A atividade de pesca diminui em inverno, quando as condições são menos favoráveis.
Condições ideais
Pressão atmosférica
More active on surface.
Stays near floating structures.
Less visible, goes slightly deeper.
Stays on surface.
Easy to spot near buoys.
More active, feeds.
Temperatura da água
Onde pescá-lo
Melhores spots
Preferência de fundo
Tipo de spot
Técnicas de pesca
Recomendadas
Outras aplicáveis
Iscas recomendadas
Iscas por pressão
Como pescá-lo de verdade
O tripletail é um daqueles predadores que parecem surgir do nada: um corpo alto, trilobado, parado ao lado de uma boia ou de um detrito flutuante, e então o ataque repentino. Se você quer capturá-lo de verdade, precisa ler a superfície e pescar onde o mar reúne sombra, abrigo e presas.
🐟 Para saber
Um aspecto biológico marcante do tripletail é o desenvolvimento inicial: os ovos são pelágicos e flutuantes, e as larvas também vivem nas águas superficiais como parte do plâncton. Essa ligação com a camada superior da coluna d’água ajuda a explicar por que a espécie aparece com tanta frequência associada a detritos e estruturas flutuantes.
🌊 Onde e quando
Vive entre costas, mar aberto e recifes, de 5 a 100 metros, com clara atração por boias, detritos flutuantes, manguezais e bordas com cobertura, como pradarias marinhas e estruturas rochosas. Fica mais interessante de março a novembro; no verão aproxima-se da costa, enquanto de junho a agosto migra para águas mais quentes para a reprodução, entre 20 e 60 metros.
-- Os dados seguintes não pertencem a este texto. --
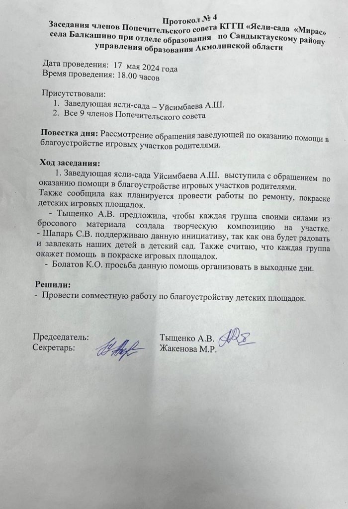 2024 жылғы 17 мамырда Қамқоршылық кеңес мүшелерінің отырысы өтті. Күн тәртібінде балалардың ойын алаңдарын абаттандыру мәселесі көтерілді. Педагогикалық ұжым мен ата-аналардың қатысуымен сенбілік өткізу туралы шешім қабылданды.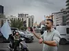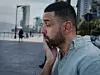 – Hei, Sigrid, beklager at jeg ikke fikk svart på mailen din. Ja, jeg kan være med. Hører du meg? Ja. Jeg er i Beirut. .... Ja, ja, sier han inn i mobilen.

🎣 Como pescá-lo de verdade
A forma mais concreta de pescá-lo é localizá-lo visualmente e trabalhar ao redor de boias, detritos e manguezais com spinning ou drifting leve, apresentando uma isca natural como sardinha, camarão ou pedaços de lula onde o peixe está suspenso ou de emboscada. Uma vara médio-pesada com linha de 20-30 lb, líder de nylon ou fluorocarbono de 40 lb e anzóis circulares 4/0-6/0 atende bem à situação; se for preciso descer um pouco, o chumbo corrediço mantém a apresentação limpa.
💡 O detalhe que faz a diferença
O conselho que realmente faz diferença é não insistir no fundo quando você está diante de estrutura flutuante: o tripletail se alimenta principalmente perto da superfície ou parado ao lado dos detritos. Se a apresentação passa na camada de água errada, você pode pescar um ponto perfeito sem nunca entrar de fato na zona de alimentação dele.
Dicas de captura e manuseio
- Luta
- Quando fisgado, tende a lutar vigorosamente com golpes rápidos e poderosos.
- Manuseio
- Manusear com cuidado para evitar lesões, usar um pano úmido se possível.
- Soltura
- Certifique-se de que o peixe esteja vivo antes de soltá-lo, reoxigenando na água, se necessário.
Curiosidades e cultura
- Capturas recorde
- Tamanho máximo documentado: até cerca de 110 cm e 19 kg (fonte: FishBase). Recorde IGFA All-Tackle: 19,2 kg (42 lb 5 oz), capturado na África do Sul em 1989.
- Na cozinha
- Carne muito apreciada pelo seu sabor doce e textura firme, utilizada em grelhados e sopas.
- Notas culturais
- Aparece em vários relatos de pescadores como um símbolo de sorte e persistência na pesca.
- Notas históricas
- Tradicionalmente pescado pelas comunidades costeiras pelo seu valor culinário e pela facilidade com que pode ser avistado.